Em tempo 2: a propósito da “queda da Dilma, para o Datafalha:

Pesquisa Serasa Experian de Expectativa Empresarial – Dia das Crianças 2010

Menor desemprego, maior renda e crédito levam o varejo a apostar no melhor Dia das Crianças dos últimos 6 anos, mostra Serasa Experian

Pesquisa com 1.007 executivos do varejo, realizada de 8 a 15 de setembro, aponta o otimismo do setor com Dia das Crianças 2010; pequenas empresas estão menos otimistas

São Paulo, 28 de setembro de 2010 – A Pesquisa Serasa Experian de Perspectiva Empresarial para o Dia das Crianças 2010 mostra que os varejistas brasileiros estão entusiasmados com a data. São 57% dos entrevistados que acreditam no aumento do faturamento de seu negócio nesta data de 2010, na comparação com 2009. É a maior parcela desde o início da pesquisa em 2005. No Dia das Crianças 2009, havia 49% de empresários otimistas.

Neste ano, as grandes empresas do varejo estão capitaneando as opiniões positivas, de acordo com 76% de seus empresários. Nas médias empresas, são 66% e nas pequenas 54%.

Na análise regional, o Nordeste tem um otimismo destacado. 72% de seus varejistas acham que vão ampliar seu faturamento no Dia das Crianças 2010 em relação à mesma data de 2009.

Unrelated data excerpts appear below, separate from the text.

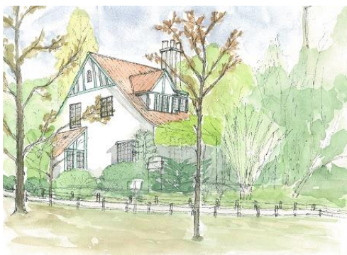
聖路加病院トイスラー教会 ION 11/22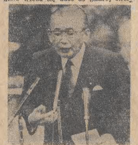
Premier Takeshita próbuje się bronić...

Oblicza się, że poseł do parlamentu musi mieć na wydatki około 900 tys. dolarów. Rząd daje mu w formie pensji 150 tys. Pozostałe 750 tys. to według Japończyków „niebezpieczne pieniądze”, po które trzeba się udać do „szarej strefy”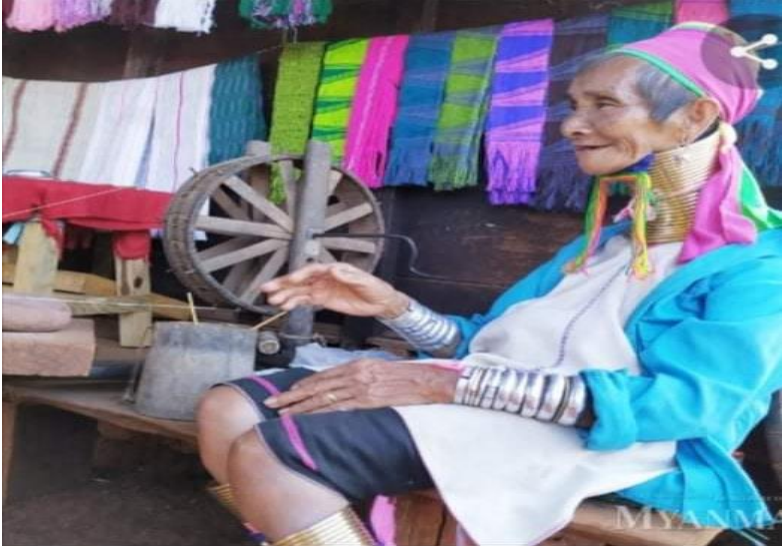
ကယန်းအမျိုးသမီးဗိုင်းငင်နေပုံ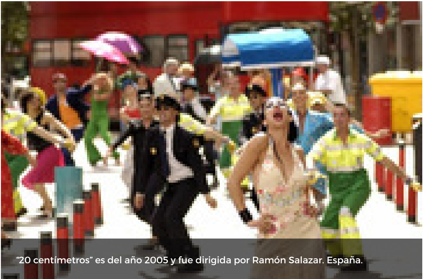
“20 centímetros” es del año 2005 y fue dirigida por Ramón Salazar. España.

A partir del viernes 5 de junio y durante todo el mes se proyectará un ciclo de cine dedicado a los derechos humanos, crímenes contra la humanidad y justicia global , con el propósito de generar una conciencia favorable sobre estos temas.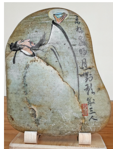
石画工艺品 ▲运城工艺美术展馆展出的《李白》黄河石本栏图片 记者 刘亚 摄影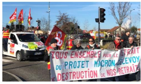
Bourgoin-Jallieu le 20 février

Alors, mieux vaut tard que jamais si, aujourd'hui, quelques-uns s'aperçoivent enfin que la préservation de la planète passe par le développement du ferroviaire, que le wagon isolé pourrait être la solution et que la fédération CGT des cheminots avait raison !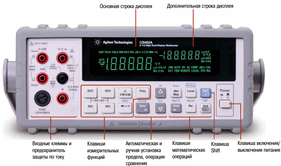
Рисунок 1. Передняя панель мультиметра U3402A. Передняя панель модели U3401A имеет аналогичный вид, за исключением незначительных отличий в расположении клавиш выбора некоторых функций. Для получения более подробной информации следует обратиться к руководству по эксплуатации и обслуживанию мультиметров U3401A (User's and Service Guide U3401-90001).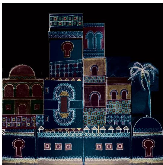
Bizancio y Damasco. Collage digital de dibujos en textiles "1001 Noches II" (50 x 50 cm). Obra de José Alberto López.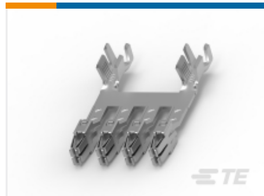
TE 产品编号1989037-3 BUSBAR, STD. POWER TIMER, 4 POSN.WELDED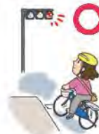
මංසන්ධිවලදී රළු වාහන සංඥාවන් පිළිපදින්න. නැවතී ආරක්ෂාව තහවුරු කර ගන්න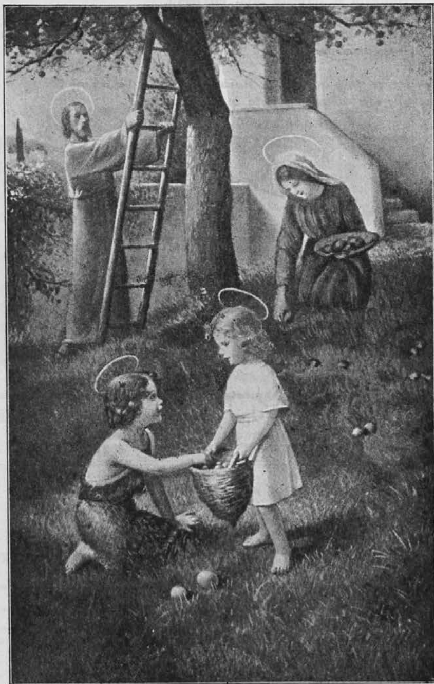
Na vrtu v Nazaretu.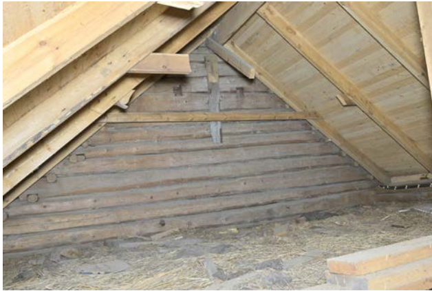
Bild 67. Vinden över den lägre delen på södra ekonomibyggnaden sett mot väster. (SLM D2024-0291)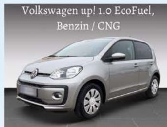
Volkswagen up! 1.0 EcoFuel, Benzin / CNG

Immer mehr Menschen abonnieren ein Auto, statt sich eins zu kaufen. Aus einer Analyse des Center Automotive Research (CAR) geht hervor, dass die Zahl der Auto-Abo-Abschlüsse von rund 42.000 im Jahr 2020 auf 63.000 im Jahr 2022 stieg. Der Markt für Auto-Abos dürfte sich auch in diesem Jahr weiter dynamisch entwickeln: Experten gehen von rund 100.000 Abschlüssen und einem Marktanteil von rund 10 Prozent aus. Bei einem Auto-Abo handelt es sich um eine Art Full-Service-Leasing mit besonders kurzen und flexiblen Laufzeiten. Der Fahrer zahlt einen monatlichen Betrag für die Auto-Nutzung, mit dem Versicherung, Werkstattkosten und Steuern bereits abgegolten sind - lediglich Energiekosten kommen noch obendrauf.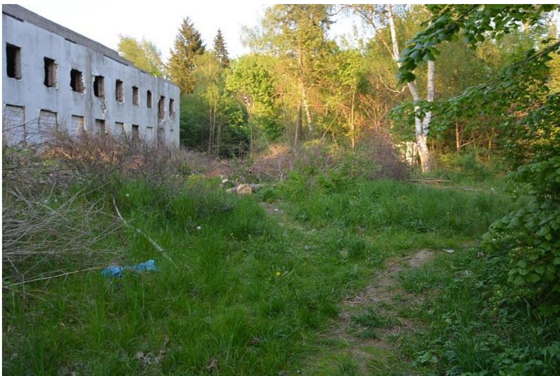
Zniszczona infrastruktura w parku na Osiedlu Lotnisko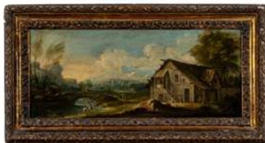
78 Domenico Pecchio (Casaleone, 20 maggio 1687 - Verona, 14 aprile 1760)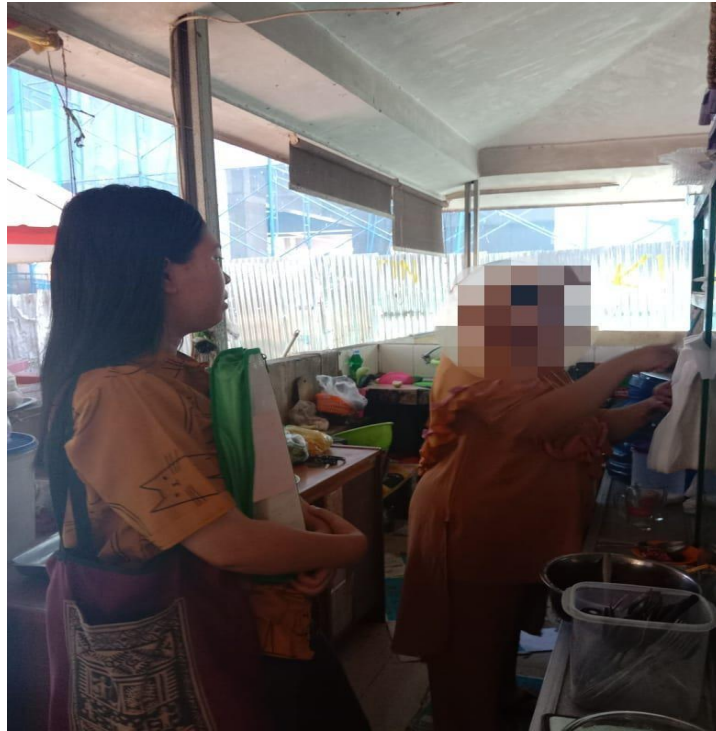
Gambar 7.3 Wawancara Bersama Informan HM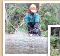
造材・玉伐り作業

隠岐の島の美しい海の源である森林を守るべく、樹木を慈しみ育てていくことを共に考え、汗を流してくださる人材を求めています。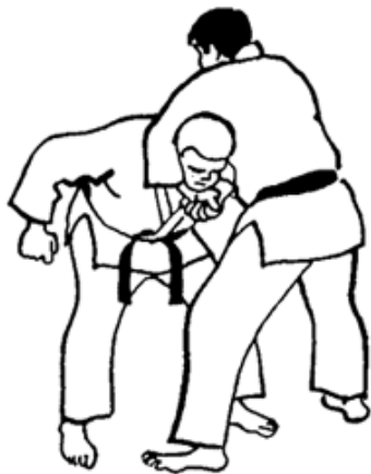
Série B - Attaque 4 - Mae Dori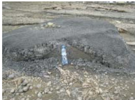
図-15 風化の進んだ泥岩塊。玉ねぎ状に風化が進んでいる。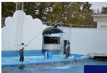
3、5組 マリンピア日本海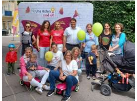
Das Team der „Frühe Hilfen“ kam nach Dietmannsried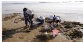
従業員家族によるマテ貝採取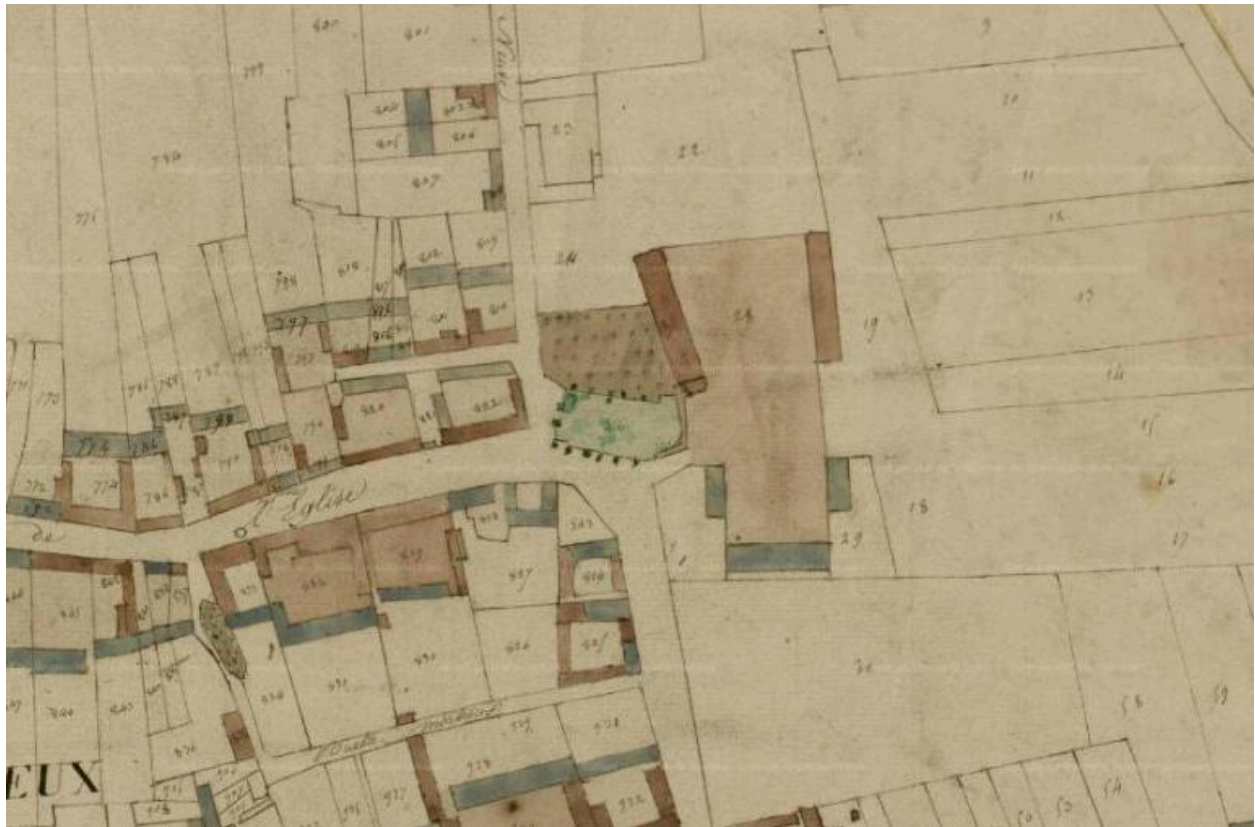
L'église, le cimetière et le château de Villers-Bretonneux sur le cadastre napoléonien (AD Somme).

(*) Não tem nada a ver com cólon. São os colonistas do PiG (***) que combatem na milícia para derrubar o presidente Lula. E assim se comportarão sempre que um presidente no Brasil, no mundo e na Galáxia tiver origem no trabalho e, não, no capital. O Mino Carta costuma dizer que o Brasil é o único lugar do mundo em que jornalista chama patrão de colega. É esse pessoal aí.
(**) Folha é um jornal que não se deve deixar a avó ler, porque publica palavrões. Além disso, Folha é aquele jornal que entrevista Daniel Dantas DEPOIS de condenado e pergunta o que ele achou da investigação; da “ditabranda”; da ficha falsa da Dilma; que veste FHC com o manto de “bom caráter”, porque, depois de 18 anos, reconheceu um filho; que matou o Tuma e depois o ressuscitou; e que é o que é,  porque o dono é o que é; nos anos militares, a Folha emprestava carros de reportagem aos torturadores.
(***) Em nenhuma democracia séria do mundo, jornais conservadores, de baixa qualidade técnica e até sensacionalistas, e uma única rede de televisão têm a importância que têm no Brasil. Eles se transformaram num partido político – o PiG, Partido da Imprensa Golpista.